How much space do they have?
Is the bonding area neutral?
When did you start bonding (rough time)?


----------



## goose101 (Feb 28, 2012)

Today around half 1... They are in a room they've never been in before and its about 3 foot by 3... Maybe just under...

Sorry for my vagueness but im trying tokeep my eye on them....


----------



## Guest (Sep 29, 2012)

Is there anything in the pen?


----------



## goose101 (Feb 28, 2012)

Just a hay bundle to start but they seemed fine so my mum insisted in putting in a brand new tunnel... It seems to distract millie but i don't know if this was ok!?im questioning everything right now...


----------



## Guest (Sep 29, 2012)

I'd take the tunnel out, when bonding you don't want to add anything to the pen until they have settled. Adding the tunnel will just encourage territorial behaviour.


----------



## goose101 (Feb 28, 2012)

I did wonder having read previous posts about bonding... Everything is out!!
Im so glad to have had replies so quickly....


----------



## goose101 (Feb 28, 2012)

Not getting my hopes up but... No humping since... And i have 2 snuggly bunnies....not even been an hour but just thought id share...


----------



## goose101 (Feb 28, 2012)

Back to humping and now a little squabble...


----------



## hazyreality (Jan 11, 2009)

Dont worry, it will be little scuffle/settle/little scuffle to start with, sounds fairly good so far anyway 

*Heidi*


----------



## Guest (Sep 29, 2012)

As Heidi said it all sounds normal, just make sure you distract them as soon as they start


----------



## goose101 (Feb 28, 2012)

Millie totally just submitted to delilah... Its a bloomin rollercoaster with these two!!!


----------



## hazyreality (Jan 11, 2009)

Yep, they joys of bonding lol.
It sounds OK to me so far though, at least you have some bunnies cuddles already


----------



## goose101 (Feb 28, 2012)

Thanks guys... I really do worry when it comes to my girls... Just want happy bunnies!


----------



## Louiseandfriends (Aug 21, 2011)

Bonding is always so tense! Good luck. Xx


----------



## goose101 (Feb 28, 2012)

Well i had an uncomfortable night 'sleeping' on the floor... But the buns seem to off gotten on great... Cuddles... Binkies... More cuddles....


----------



## Guest (Sep 30, 2012)

That's great news, just remember to not rush things and it should all be easy from now on


----------



## goose101 (Feb 28, 2012)

Thanks very much everyone!! So much more relaxed today...


----------



## goose101 (Feb 28, 2012)

Not quite sure when to move them in to their new area... Everything is going well... Lots of cuddles and binkies....


----------



## Guest (Sep 30, 2012)

goose101 said:


> Not quite sure when to move them in to their new area... Everything is going well... Lots of cuddles and binkies....

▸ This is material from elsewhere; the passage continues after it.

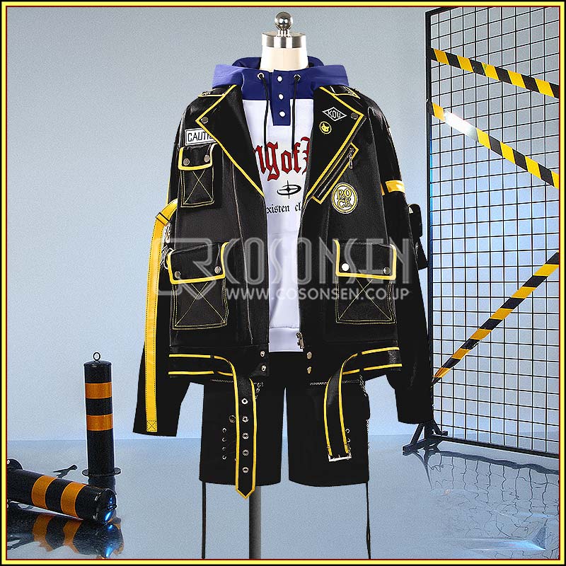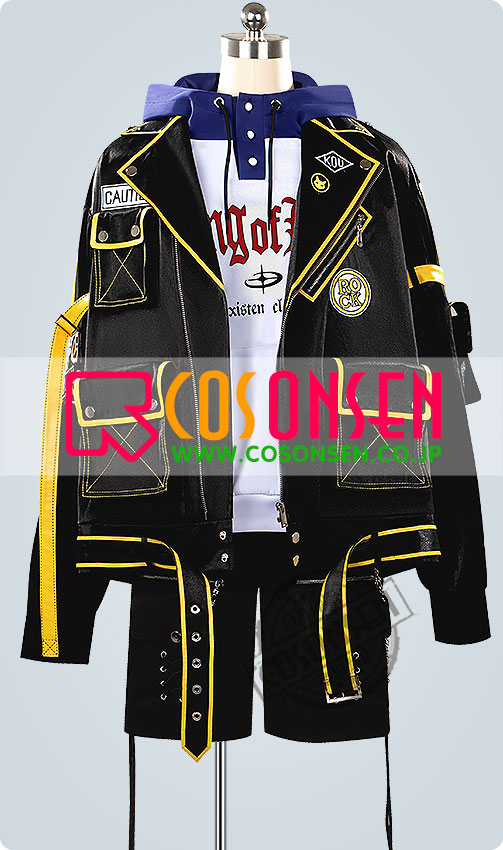 光沢布で製作しています。黒を基調とした、黄色の縁取りとステッチがアクセント。複数のポケットとベルトが配置され、袖に白と黄色のストライプが入り、機能的でロックテイストの強いスタイル。
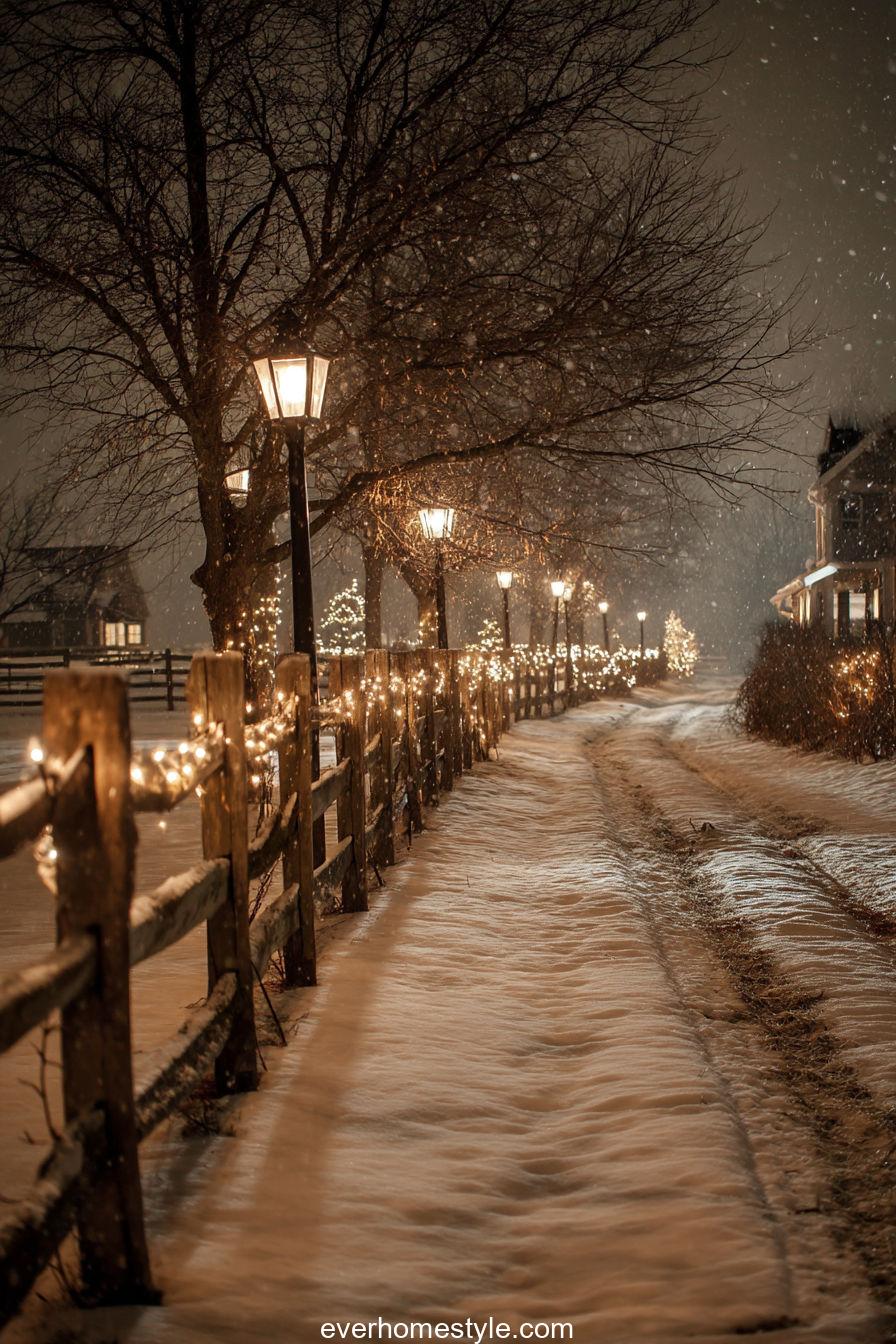 A rural lane lined with glowing lampposts and fences wrapped in lights feels straight from a holiday movie.

Can you make the area they are in bigger before moving them?


----------



## goose101 (Feb 28, 2012)

I have done once already but that's as far as i can go... They've had it extended since 12ish today...


----------



## Guest (Sep 30, 2012)

Leave them be for another 24 hours before you make anymore changes then


----------



## goose101 (Feb 28, 2012)

Thought u might say that... I'll need to get a bun sitter whilst im at work..


----------



## Guest (Sep 30, 2012)

goose101 said:


> Thought u might say that... I'll need to get a bun sitter whilst im at work..


You definitely don't want to move them if you have to leave them for work, this is why I set back at least a week for bonding


----------



## goose101 (Feb 28, 2012)

I had 4 days but they changed my shifts... It'll be fine... Got a sitter.... No moving them now!!


----------



## goose101 (Feb 28, 2012)

Just a wee update... The girls are in their new awesome pen in my room and are getting on perfectly!!! It seems they've missed cuddling up next to each other... Big space for 2 little bunnies to hop and go binky crazy... Huge thanks to bernie and this site!! Would be clueless without it...


----------



## Guest (Oct 4, 2012)

That's great to hear


----------



## hazyreality (Jan 11, 2009)

Good to hear 

*Heidi*


----------